The effort to help bring about world peace has been part of the Canadian psyche since the 1940s, and extends into government policy and international relations.

Our peacekeepers are internationally renowned: from Lester B. Pearson, awarded the Nobel Peace Prize in 1957 for his Middle East peace plan, to Major General Lewis Mackenzie, the former head of United Nations peacekeeping in Bosnia. But many thousands of military troops and civilians continue to selflessly risk their lives in volatile situations around the globe.

Now thanks, however modest, has been given by the Canadian government to honour the 125,000 who have served in every peacekeeping mission around the globe for more than half a century.

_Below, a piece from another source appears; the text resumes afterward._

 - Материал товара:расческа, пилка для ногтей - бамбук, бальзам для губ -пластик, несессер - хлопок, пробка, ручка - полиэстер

Chris Dagg (above), director of project and support services in SFU international, is one of those who received the Canadian Peacekeeping Service Medal, issued in Ottawa on Oct. 20, for his role during the Vietnam War.

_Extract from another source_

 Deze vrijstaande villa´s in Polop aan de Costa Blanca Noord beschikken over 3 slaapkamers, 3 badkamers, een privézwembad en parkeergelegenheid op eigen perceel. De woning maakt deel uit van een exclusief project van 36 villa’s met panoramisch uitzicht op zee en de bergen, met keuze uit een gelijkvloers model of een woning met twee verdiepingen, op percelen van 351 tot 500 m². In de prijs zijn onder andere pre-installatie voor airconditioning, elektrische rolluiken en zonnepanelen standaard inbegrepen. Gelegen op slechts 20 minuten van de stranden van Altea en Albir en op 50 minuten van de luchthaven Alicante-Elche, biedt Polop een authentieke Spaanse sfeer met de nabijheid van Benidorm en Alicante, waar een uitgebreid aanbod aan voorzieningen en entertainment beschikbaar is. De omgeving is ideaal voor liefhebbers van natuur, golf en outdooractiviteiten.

A graduate student specializing in international affairs and peacekeeping during the early 1960s, Dagg, now 62, joined the Canadian foreign service as a Vietnam specialist. Throughout the war, from 1964 to 1973, Dagg served on Foreign Affairs' Vietnam desk or in Saigon (now Ho Chi Minh City), never finishing his master's thesis. A front-line observer to the historic 1968 Tet offensive, Dagg was legal and, later, political adviser on the Canadian delegation to the International Commission in Vietnam and delegate to the Paris Peace Conference in 1973 where a cease-fire between North and South Vietnam and the U.S. was signed, ending America's combat role in the war. After Canada withdrew from the Commission in frustration in 1973, Dagg became the political officer in the Canadian Embassy in Jakarta. The war ended in 1975.

Like other war-time diplomats, Dagg faced the threat of death from the occasional stray bullet or grenade. Such dangers are not what a diplomat fears the most, says Dagg. Rather, it is the possibility of becoming inured to suffering and death - becoming a puppet of the language of diplomacy - which a foreign-service diplomat is most vulnerable to.

“The biggest threat to a person in foreign policy is that you get so accustomed to putting your energy into word crafting and position crafting that you forget the reality,” says Dagg.

Dagg left the foreign service to work for Inco Ltd., the Canadian nickel giant, helping with development projects in Indonesian villages. After working in regional development in Indonesia and at the University of Guelph, he was hired by SFU to assist with international education initiatives.